In terms of grantee capacity, the evaluation highlighted several new and promising activities among the grantees, including: collecting and entering HIV testing data in outpatient clinic settings; developing and implementing a resource hub to provide HIV information and resources to the general public, as well as to provide information for primary care providers on how to care for HIV patients; establishing HIV data-sharing agreements and protocols with Medicaid and other external partners; using geo-mapping to identify geographic areas and populations with a high HIV burden; and partnering with a pharmacy chain to provide HIV testing.
The evaluation also noted some grantee challenges, including a lack of state policies to facilitate data-sharing across partners; lack of capacity on the part of some community-based agencies to conduct HIV testing and to link infected clients to HIV care and retain/re-engage them in care; and, in some jurisdictions, limited access to trained technical staff, (e.g., epidemiologists, IT specialists, and database programmers) to support implementation of project activities.

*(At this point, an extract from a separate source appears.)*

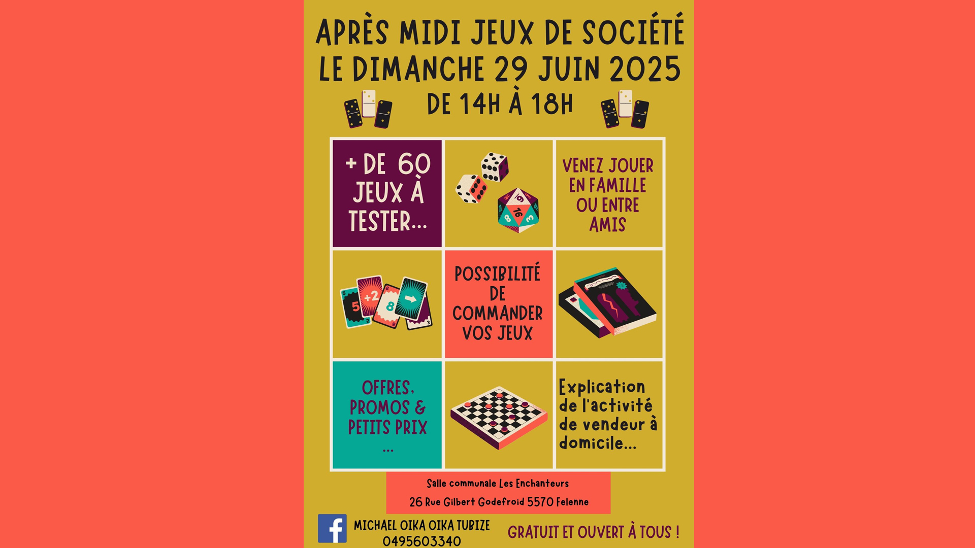 Le dimanche 29 juin, rendez-vous de 14h à 18h à la salle communale Les Enchanteurs Felenne pour une après-midi jeux de société.

Among the recommendations for moving forward, the GEARS evaluation highlighted four action steps that Federal partners could take to improve program implementation: (1) supporting peer-to-peer/grantee-to-grantee technical assistance; (2) supporting grantees’ data-sharing policies and practices; (3) supporting grantees’ IT infrastructure and data-management capacities; and (4) supporting grantees as they explore ways to implement planned CAPUS activities within the established timeframe.
These findings inform the ongoing implementation of CAPUS activities as we continue to work to improve the health of racial and ethnic minorities living with HIV in disproportionately affected jurisdictions and to identify practical, workable solutions to address social and economic conditions and structural barriers to HIV testing, prevention, treatment, and care.